Dataset entries

Content starts

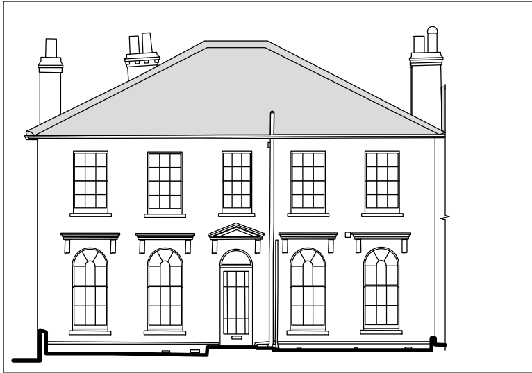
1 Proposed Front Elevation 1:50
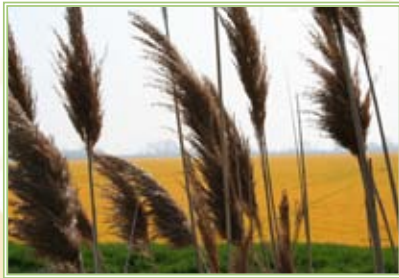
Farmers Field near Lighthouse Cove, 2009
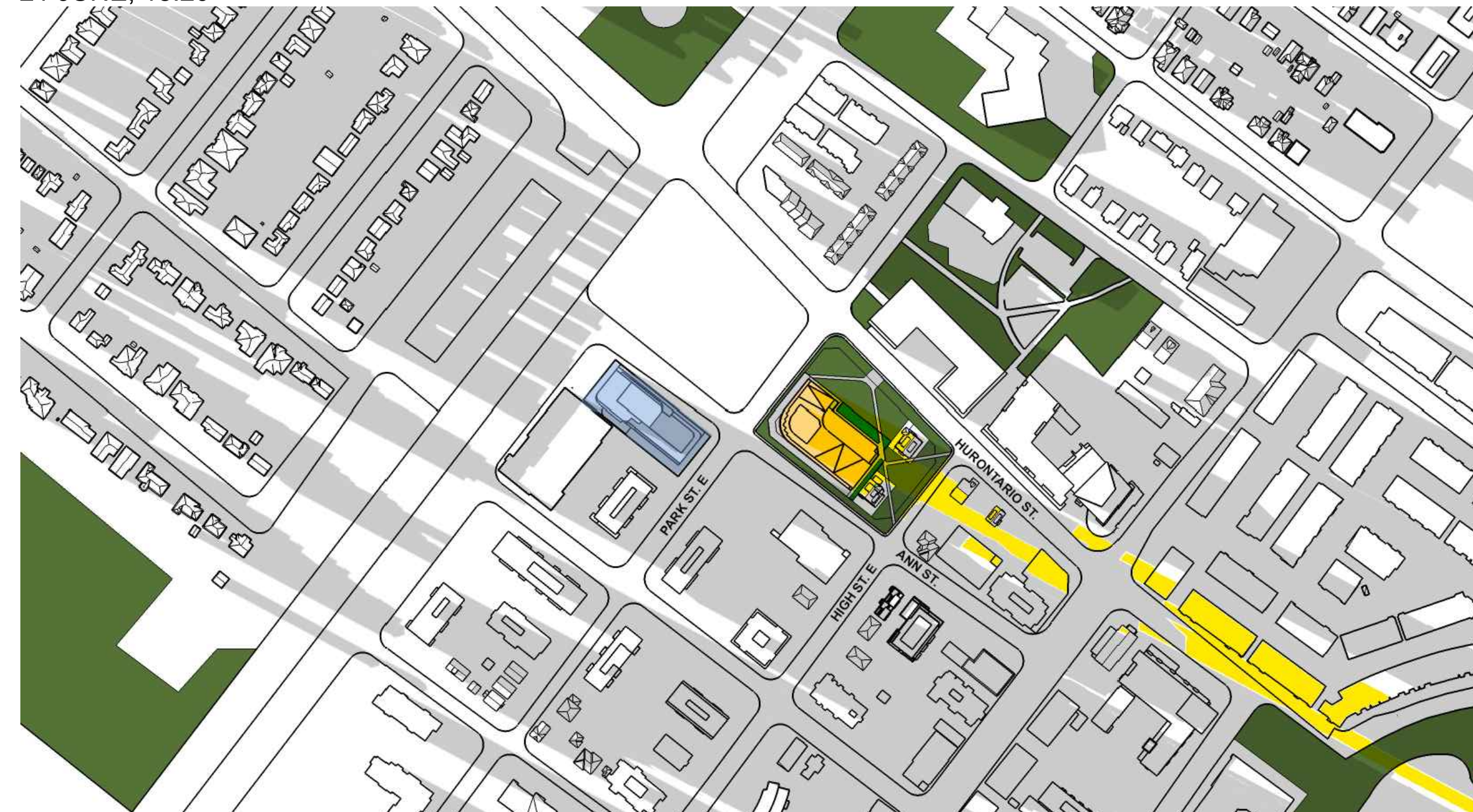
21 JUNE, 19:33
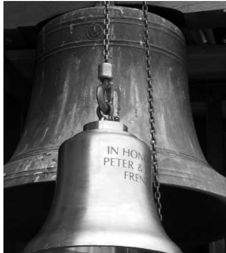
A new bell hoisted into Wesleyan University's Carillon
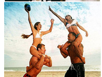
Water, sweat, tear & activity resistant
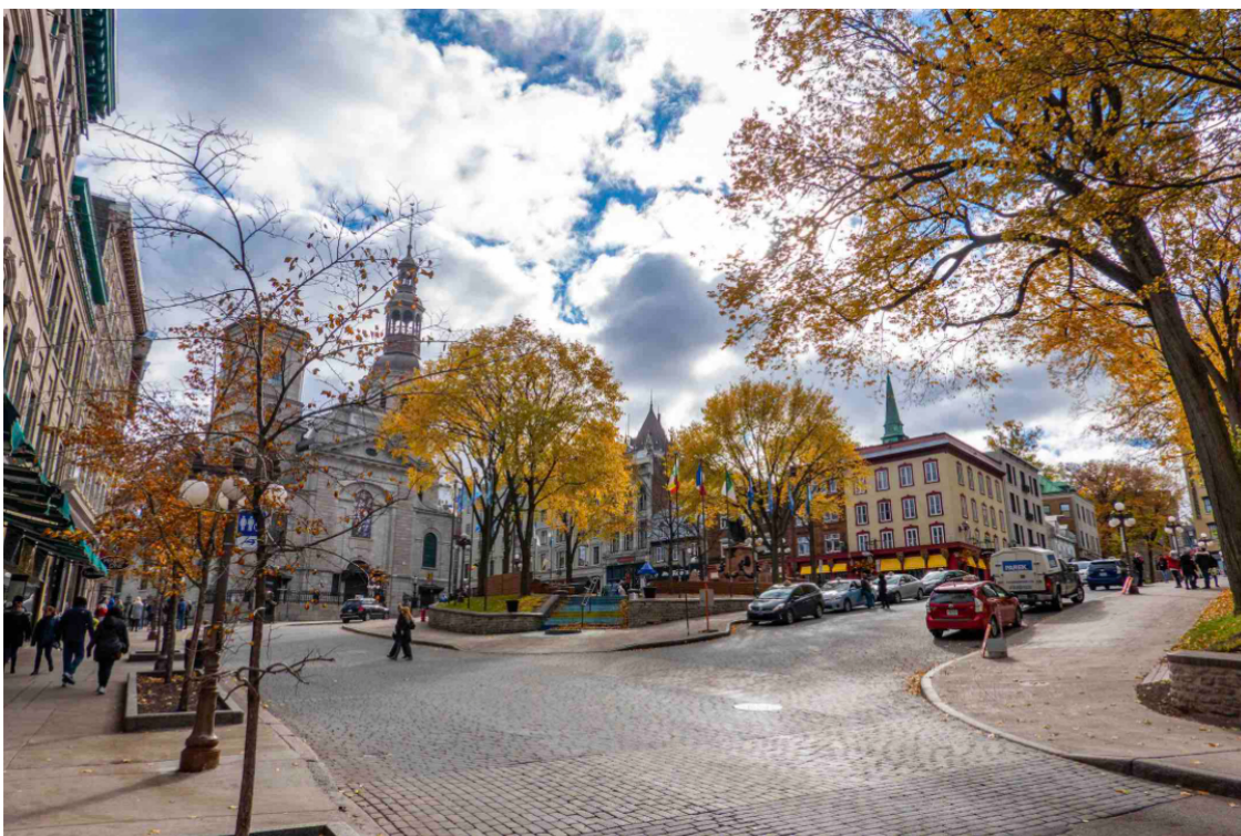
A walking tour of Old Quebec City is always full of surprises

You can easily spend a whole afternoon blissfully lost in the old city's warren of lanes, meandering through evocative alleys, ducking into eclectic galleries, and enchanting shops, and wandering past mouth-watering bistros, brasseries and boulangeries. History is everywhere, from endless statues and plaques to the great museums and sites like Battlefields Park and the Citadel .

Content ends

Write out, word for word, the line containing "21 JUNE, 19:33" and each line after it to the end of the data, and nothing more. Drop the pictures.

Solution for this task:
21 JUNE, 19:33
A new bell hoisted into Wesleyan University's Carillon
Water, sweat, tear & activity resistant
A walking tour of Old Quebec City is always full of surprises

You can easily spend a whole afternoon blissfully lost in the old city's warren of lanes, meandering through evocative alleys, ducking into eclectic galleries, and enchanting shops, and wandering past mouth-watering bistros, brasseries and boulangeries. History is everywhere, from endless statues and plaques to the great museums and sites like Battlefields Park and the Citadel .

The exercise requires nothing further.